Limitations & Future Work¶
- The entire theory is built on second-order Taylor expansion around the saddle point \(\bm{d}\) and Fisher Information approximations; global dynamics outside the local neighborhood can only be extrapolated through experiments.
- It is assumed that \(\bm{w}^p\) is computed using an exact first-order approximation, without handling normalization or second-order corrections in variants like ASAM, GSAM, or Lookahead-SAM.
- Experiments were primarily conducted on medium scales such as CIFAR-10/100 + ResNet-18, lacking validation on ImageNet or LLM training. Comparisons with complementary theories like Bartlett et al. 2023 ("bouncing across ravines") or Chen et al. 2023 ("transient saddle attraction is beneficial") were only briefly mentioned in Limitations.
- While the paper proves SAM escapes saddle points slowly, it does not provide a falsifiable boundary for settings where SAM actually improves generalization because of its stay near saddle points—the perspective of Chen et al. 2023.
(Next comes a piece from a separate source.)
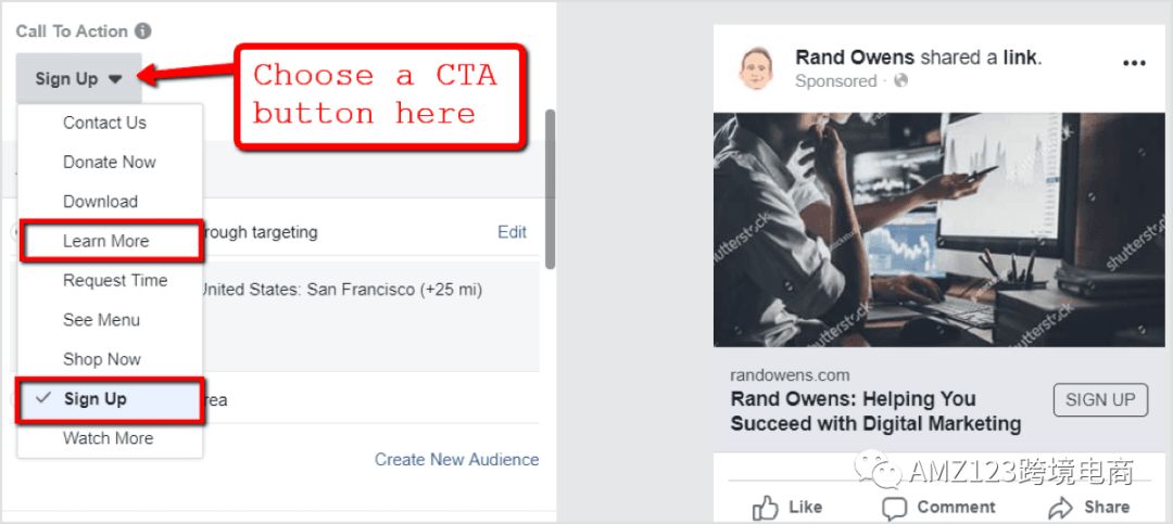 Facebook通过为所有广告系列类型提供预定义的CTA,简化了此过程,你可以使用“Sign Up”和“Learn More”这两个CTA按钮开发潜在用户:

- The critical condition \(\rho > -1/\lambda_1\) depends on accurate local Hessian information; accurately estimating the Hessian spectrum in practical deep networks is another challenge, so "how to determine online that a dangerous \(\rho\) zone has been entered" remains open.
- The article does not provide an automated \(\rho\)/\(\gamma\)/\(B\) collaborative scheduling algorithm, leaving the engineering gap between "diagnosis" and "treatment" for future work.
Related Work & Insights¶
- vs Compagnoni et al. 2023: They treat noise as an implicit smoothing term using Lipschitz assumptions and small learning rates; this paper treats perturbations as random excitations driving trajectories away from unstable attractors using local dynamical analysis, which is closer to the "large Hessian" context of edge-of-stability.
- vs Andriushchenko & Flammarion 2022: They empirically found that small batch sizes significantly boost SAM performance; this paper provides the analytical form \(\Delta_{SAM} \propto 1/B\) in Theorem 3, elevating empirical observation to mechanistic explanation.
- vs Kaddour et al. 2022: They were the first to report abnormal behavior of SAM near saddle points; this paper provides the first systematic theoretical characterization of this phenomenon (Theorem 1 + Lambda Lemma geometry).
- vs Bartlett et al. 2023 / Chen et al. 2023: The former characterizes SAM's bouncing behavior along ravines from the perspective of sharpness, while the latter argues that transient saddle point stay helps generalization; this work complements them by pointing out that "permanent entrapment in saddle points" is a failure mode requiring momentum/batch size to balance exploration and escape.
- vs Long & Bartlett 2024 (edge-of-stability): EoS focuses on the behavior of the maximum Hessian eigenvalue drifting near \(2/\eta\) during training; the critical condition \(\rho > -1/\lambda_1\) in Theorem 1 is structurally complementary to EoS and can be seen as the SAM version of a "critical edge."